Ради спасения-то руками-ногами подвигать я смогла, они ведь на мягкой кровати лежали. Что, в аду мягкие постели завелись? Нет, это точно какая-то ошибка. Я, закрыв глаза, перебралась через языки пламени и, повернув лицо в другую сторону, открыла глаза. Там-то был блеск огня, не сам огонь. Наверное, я не умерла. Сейчас у меня перед глазами замерцало какое-то лицо, Судхакар. Нет, я совершенно точно не умерла!

— Ну что, отлично огонь горит, а? — сказал он.

Так он знает. Ему огонь тоже виден. Мой взгляд снова заскользил вокруг. Все те же оранжевые, пунцовые, алые языки пламени. Так же потрескивающие дрова. Тот же ослепительный свет, тот же жар и... как раз над обжигающими всполохами огня на полке лежащие нарциссы. Пронзенные острыми ногтями красного пламени желтые, безжизненные цветы. Кончики их лепестков, обожженные, уже сворачивались, подобно страницам письма, которые уже предстало перед пламенем спичек.

Нарциссы горят — поднялся во мне крик — нарциссы горят! Но в комнате не раздалось ни звука, кроме потрескивания горевших дров. Я собрала все свои силы и дала воплю вырваться наружу: «Нарциссы горят».

Судхакар, вздрогнув, посмотрел на меня, спросил: «Что случилось?»

— Нарциссы! — прокричала я.

— Нарциссы? — повторил он. — Что с нарциссами?

— Нарциссы горят, — выкрикнула я, но, дойдя до последнего слова, мой голос, потерпев поражение, разбился. Слезы полились у меня из глаз, и, всхлипывая, я снова сказала: «Нарциссы...»

— Что случилось? — спросил Судхакар чрезвычайно озабоченным голосом. — Что, жар очень поднялся, да?

Я не смогла говорить, только плакала.

— Подожди, доктора позову, — с этими словами он выбежал из комнаты.

 

Из-за завесы слез я почувствовала желтый блеск.

— Что нужно? — склонившись к моему лицу, спросила она, и я увидела, что она сегодня в желтой одежде. Такой же желтой, как нарциссы. Я страшно заволновалась. Вцепилась, поймав ее руку. И тогда она сказала: «Ну, нарциссы горят!» Прижав лицо к моему, проговорила: «Так ты поэтому плачешь?»

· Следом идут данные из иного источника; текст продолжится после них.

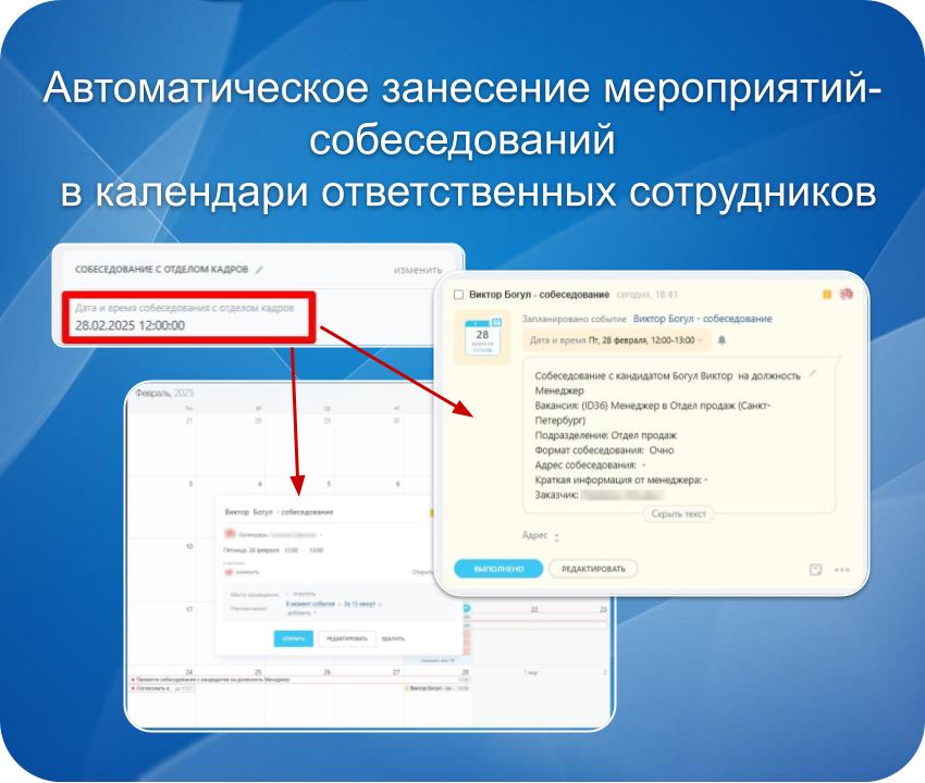 Заказчик просматривает вакансию, смотрит комментарии рекрутёра. Если кандидат подходит, назначает дату и время собеседования;

Я попробовала покачать головой, ее рука отпустила мою.

Она, пройдя вперед, подняла нарциссы и положила мне в изголовье.

— Эти цветы нарциссами называются, да? — спросил Судхакар.

— Да, — ответила она.

— И они начали гореть — от жара огня?

— Да!

— Ого! — Судхакар расхохотался. — Я решил, что у нее бред или неизвестно что приключилось. Вах-вах, господи, до чего дело дошло!

Он еще долго продолжал смеяться, не обращая внимания на то, что она его не поддерживала.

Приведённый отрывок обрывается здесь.